There was a time, when I was a younger man, I would have taken David “Blue Moon” Haugh’s latest exercise in journalistic futility and dissected every single sentence, right down to the incorrect placement of punctuation. I would have shown you that not only was the work devoid of intellectual competence, but also another shining example of why it’s not a wise idea to hire someone for a writer’s position who isn’t good at writing. Haugh’s greatest crime is not his transparent attempts to write his blowhard nonsense into a daily spot on Around the Horn. No, his greatest crime is against the English language itself. That the same newspaper can employ both Blue Moon and the great Rick “Drinks Like an Actual Man” Pearson blows my fucking mind daily.

But I am not that younger man. If you haven’t read Haugh’s take on head coach Matt Nagy’s decision to bench his starters for the team’s fourth practice game, don’t.
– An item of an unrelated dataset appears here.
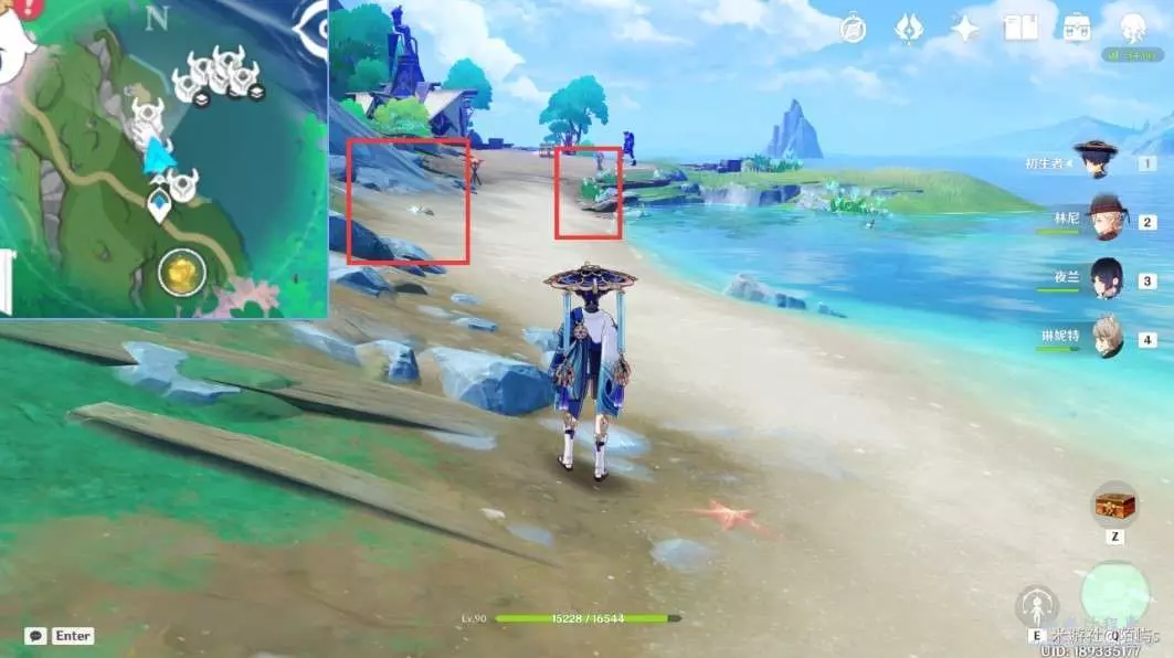 ➣ 朝著小地圖的上方走,在前面海灘還有兩個幽光星星。

There will be no link provided here and don’t waste a valuable minute of your life searching it out. Instead, read a few chapters of John McCain’s wonderful book Faith of My Fathers or Neil Simon’s Biloxi Blues or some classic Royko columns being run in the Sun-Times. Hell, just read anything else.

What Matt Nagy achieved this weekend, in a practice game, was somewhat extraordinary.

Forget the result. The result means nothing. Nobody in their right mind believes the second units of the Chicago Bears are better than the first units of the Kansas City Chiefs, a playoff team a year ago. Nobody in their right mind believes Chase Daniel is a rare combination of Joe Montana’s accuracy and Steve Young’s elusiveness. Nobody in their right mind believes anything they see on the preseason field, except Denny Green of course, but was he ever in his right mind?

So what mattered?

Team Building

While Dan Pompei believed Nagy’s decision to rest players sent “the wrong message” and was an example of coaching “scared”, the sideline reflected the exact opposite.

Mitch Trubisky was the game’s loudest cheerleader, especially when it came to the play of his backup. The starters erupted in support of Kevin White’s first touchdown in a Bears uniform. Players like Danny Trevathan and Tarik Cohen were seen rushing to greet their teammates as they came off the field from a successful drive. These guys were engaged and excited. Why?

Because NFL starters, especially veterans, don’t want to play in these games. They don’t want to risk their long-term financial security in physical contests that count neither in the standings nor in the stat column that ultimately determines how many zeroes are on their paychecks.